Supreme Court Hears Arguments over Immunity for Foreign Leaders
As reported by Jess Bravin in the Wall Street Journal On Line, the Supreme Court heard arguments on March 3 over whether foreign leaders are entitled to legal immunity in the U.S. for their official acts, in a case that some justices suggested could hold ramifications for former American officials.The court is seeking to reconcile two U.S. laws in apparent conflict.
The Torture Victim Protection Act of 1991 authorizes lawsuits against people who allegedly committed torture or extrajudicial killing "under actual or apparent authority…of any foreign nation" when the home nation lacks adequate remedies for such offenses. But the 1976 Foreign Sovereign Immunities Act exempts foreign governments and their "agencies" and "instrumentalities" from being sued.

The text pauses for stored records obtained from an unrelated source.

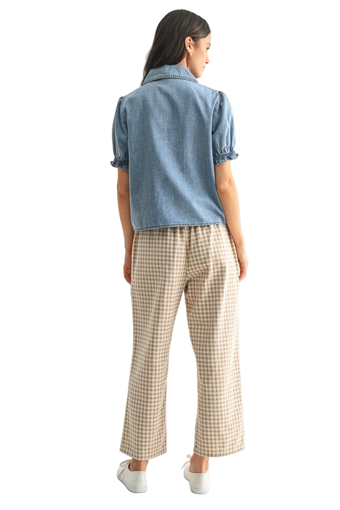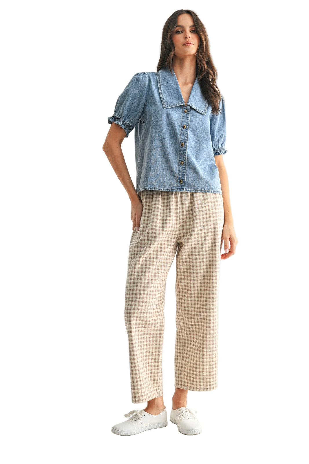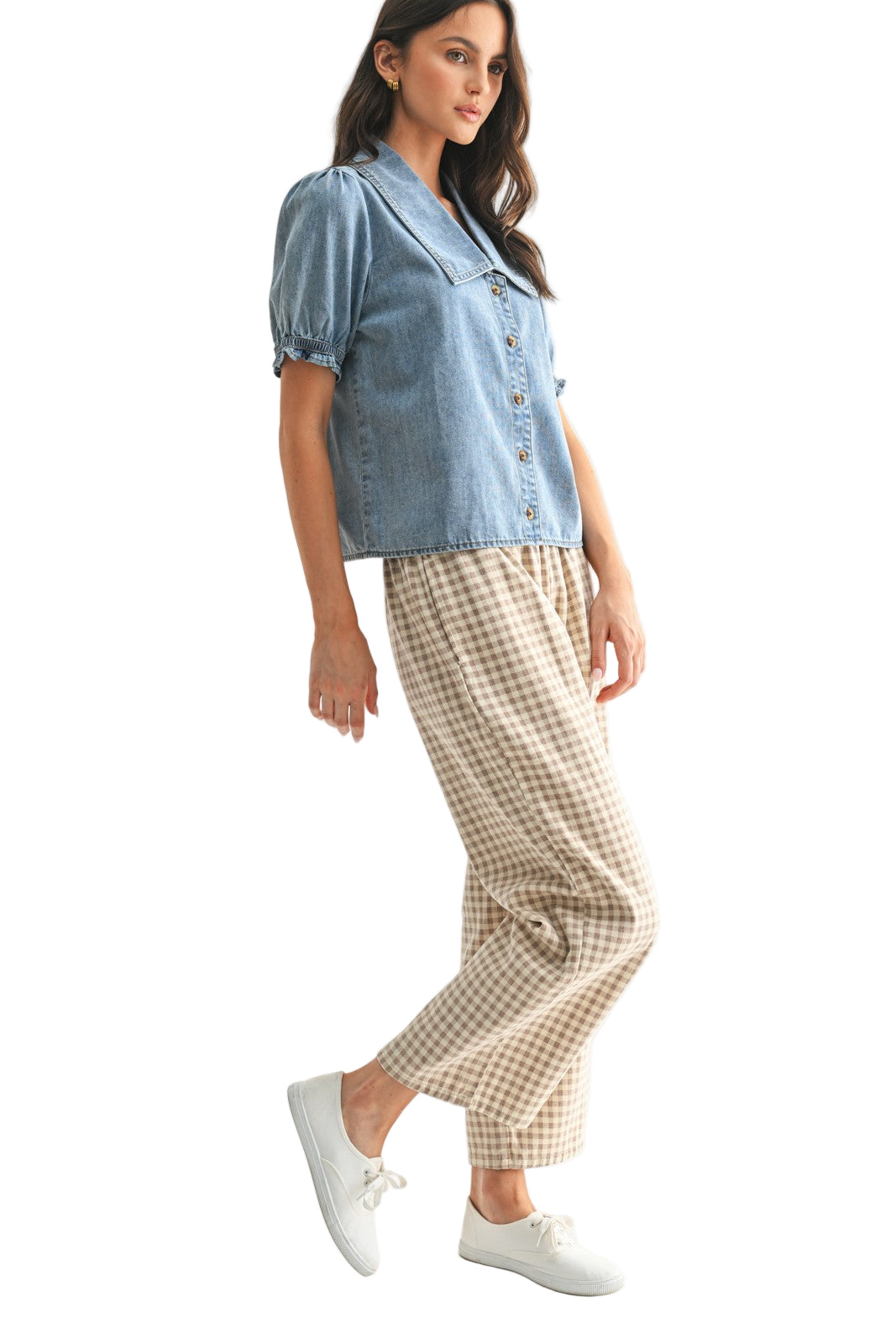 Elevate your wardrobe with the Graceful Moments Top, featuring a chic collar and stylish puff sleeves that add a touch of sophistication. Crafted from durable denim, this top blends classic comfort with modern flair, making it perfect for both casual outings and dressier occasions. Enjoy a flattering fit that enhances your silhouette while embracing timeless style.
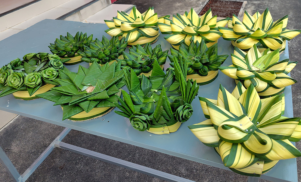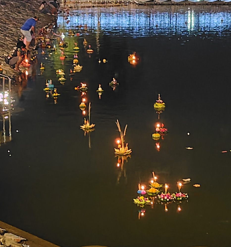 そしてロイクラトン祭り。10月末~11月頃の満月の夜に行われるお祭りです。灯篭を川に流すことで水の神に感謝するそうです。灯篭は、バナナの幹を4~5cmほどに輪切りにしたものを土台にし、バナナの葉で周りを飾り、中央にお花とろうそくを置けばでき上がり。タイには年中沢山の種類のバナナがありますが、食べて良し、包んで良し、飾って良しなので、大活躍しています!幸運にも派遣先校のそばでこのお祭りがありました。前日に寮で灯篭作りを教えていただき、翌日お花を飾って先生、生徒たちと流しました。素敵な夜になりました!
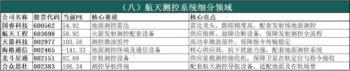 (八)航天测控系统细分领域
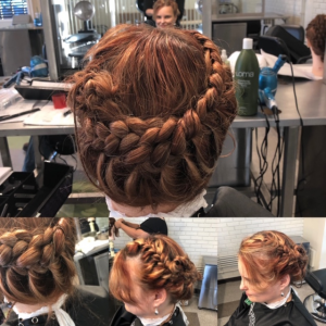 “Being in the Hair Design program I have found that I love playing with peoples’ hair in general. I am addicted to and enjoy the most, any fun and playful updos. I have recently learned to do four different braiding styles and I have had so much fun in recreating them on my mannequin heads and clients. I also love cutting hair. I love the creative ways that lines, angles and roundness can all be worked in and flow together. For me it is like going to art class everyday,” expressing Rebecca.
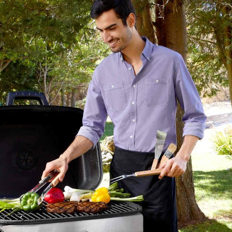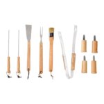 Maletin con cierre y correa ajustable. Incluye pinzas, brocha, tenedor, espatula, 2 brochetas y 4 pinchos para mazorcas.
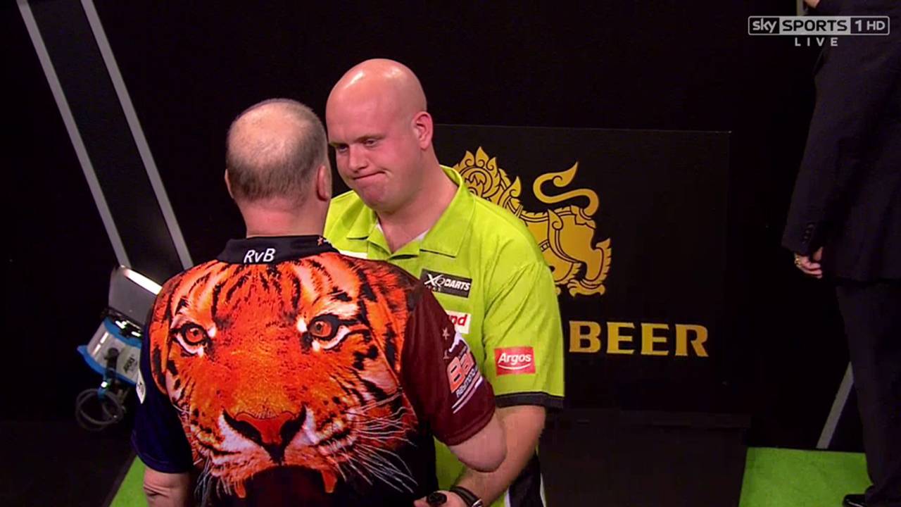 De strijd tussen 'Mighty Mike' en 'Barney' ging gelijk op tot 4-4. In de tiende leg, die Van Gerwen was begonnen, stevende Van Barneveld op een negendarter af. Hij miste echter de negende dart, maar maakte het wel met de tiende af.

The case involves a former Somali official, Mohamed Ali Samantar. Five Somali natives, including two U.S. citizens, claim that they or their relatives were abused or killed by forces under Mr. Samantar's command. Mr. Samantar, who now lives in Fairfax, Va., contends that because he was prime minister or defense minister from 1980 until the Somali regime's 1991 collapse, he was an "instrumentality" of government and thus immune from liability.
In a ruling last year, the Fourth U.S. Circuit Court of Appeals disagreed. The Richmond, Va., court said the Immunities Act was designed to cover entities such as national airlines and other state-owned businesses, not individuals. Other appeals courts have read the Immunities Act more broadly, and the Supreme Court seemed similarly divided over how to construe the law.
Shay Dvoretzky, a lawyer representing Mr. Samantar, said there was no way to distinguish between a foreign government and the individuals who ran it. Congress immunized "foreign officials for acts taken on the state's behalf, because such suits are the equivalent of a suit against the state directly," he told the court.
Patricia Millett, an attorney representing the plaintiffs, said that if Mr. Samantar was right, then the Torture Victim Act "was a very empty statute."
Deputy Solicitor General Edwin Kneedler said the law's ambiguity was intended to leave discretion with the executive branch, which could advise courts whether specific torture lawsuits should be allowed to proceed. "There are a lot of diplomatic sensitivities about whether immunity should be recognized in a particular case or not," Mr. Kneedler said.
Last year, Baltazar Garzon, a Spanish magistrate, opened an investigation into torture allegations against six former Bush administration officials, including former Justice Department lawyer John Yoo.
A decision in Samantar v. Yousuf is expected before July.